- Church: Roman Catholic Church
- Archdiocese: Dakar
- See: Dakar
- Appointed: 24 February 1962
- Term ended: 2 June 2000
- Predecessor: Marcel Lefebvre
- Successor: Théodore-Adrien Sarr
- Other post: Cardinal-Priest of Santa Maria del Popolo (1976-2004)
- Previous posts: President of the Conference of Bishops of Senegal, Mauritania, Cape Verde, and Guinea-Bissau (1970-87); President of the Symposium of Episcopal Conferences of Africa and Madagascar (1979-81);

Orders
- Ordination: 18 April 1949 by Marcel Lefebvre
- Consecration: 20 May 1962 by Jean Émile André Marie Maury
- Created cardinal: 24 May 1976 by Pope Paul VI
- Rank: Cardinal-Priest

Personal details
- Born: Hyacinthe Thiandoum 2 February 1921 Poponguine, Senegal
- Died: 18 May 2004 (aged 83) Saint Thomas de Villeneuve hospital, Aix-en-Provence, France
- Buried: Dakar Cathedral
- Parents: François Ndiémé Anna Ndiémé Sène
- Alma mater: Pontifical Gregorian University
- Motto: In verbo Tuo laxabo rete

= Hyacinthe Thiandoum =

Hyacinthe Thiandoum (2 February 1921 – 18 May 2004) was the first native Archbishop of Dakar (Senegal) and who was elevated to the cardinalate in mid-1976 by Pope Paul VI.

Born 1921 in Poponguine, Senegal, his father was a catechist. After finishing his secondary studies, he entered the regional seminary of Dakar and was ordained a priest on 18 April 1949, did parish work for two years and then went to Rome for further study at the Pontifical Gregorian University. He returned to Senegal in 1953 and, after working as a chaplain to Catholic action groups, became parish priest of the Dakar cathedral in 1960 and Vicar General the following year.

On 20 May 1962 he was consecrated as Archbishop of Dakar by Archbishop Marcel Lefebvre, his predecessor in the see. He was made a Cardinal-Priest by Paul VI in the Consistory of 24 May 1976, receiving the titular church of Santa Maria del Popolo.
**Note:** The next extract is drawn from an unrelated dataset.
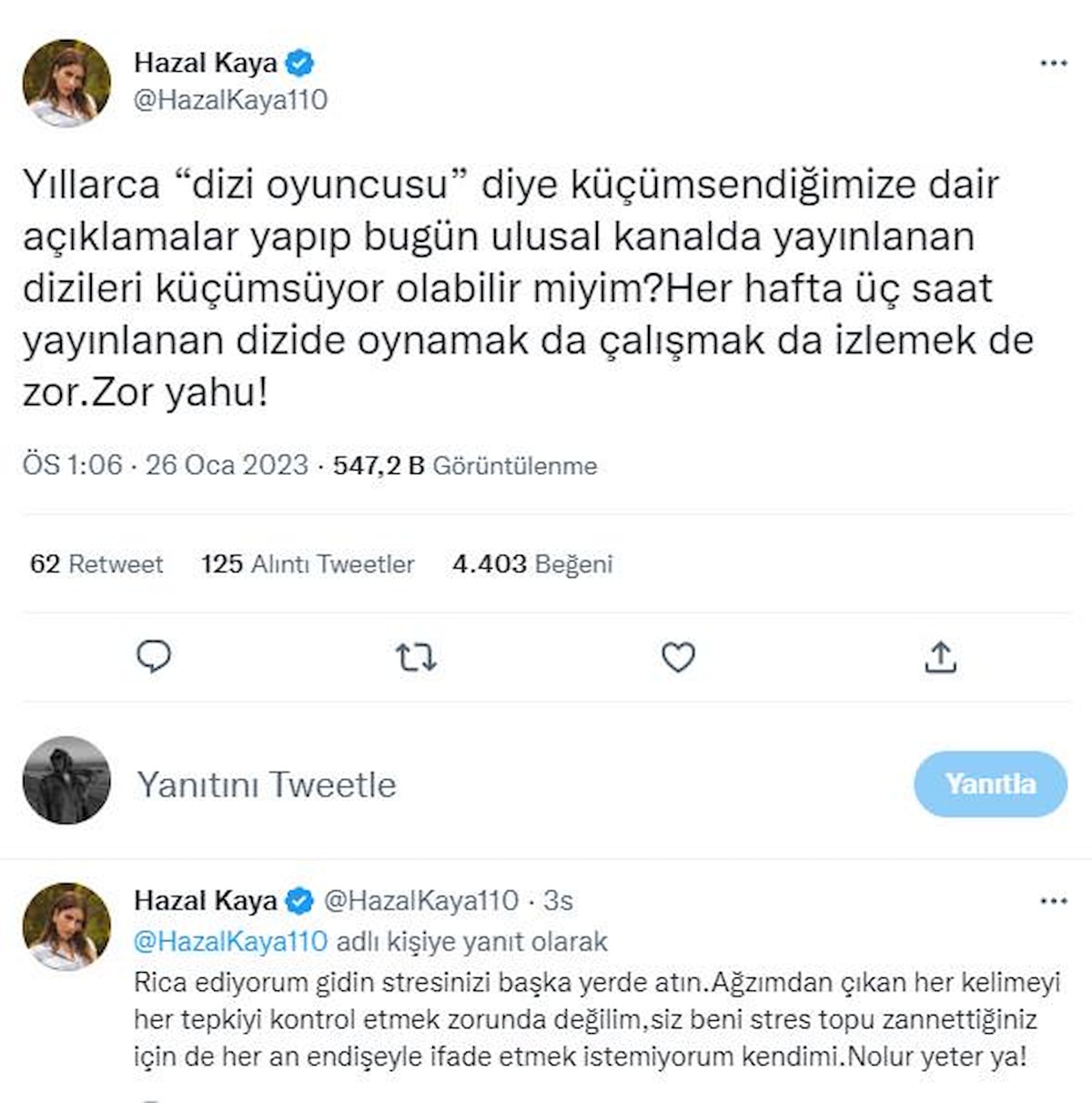 Eleştiriye ilk olarak, "Beybi sakin, 3 saate yakın dizi izlemek benim için çok zor sadece." sözleriyle yanıt veren Kaya, ardından uzun bir açıklama yaparak şu cümlelere yer verdi:

Until 1987, he was president of the Bishops’ Conference of Senegal-Mauritania, and an elected member of the Council of the World Synod of Bishops. He has been the President of CEPACS (the Pan-African Episcopal Commission for Social Communications). He also took part in Vatican Council II.

Has been a member of the Council of the General Secretariat of the Synod of Bishops; President Delegate of the 4th General Assembly of the Synod of Bishops (1977); Relator of the 7th General Assembly of the Synod of Bishops (1987); and, General Relator of the Special Assembly for Africa of the Synod of Bishops (1994).

Cardinal Thiandoum died in 2004 at the age of 82.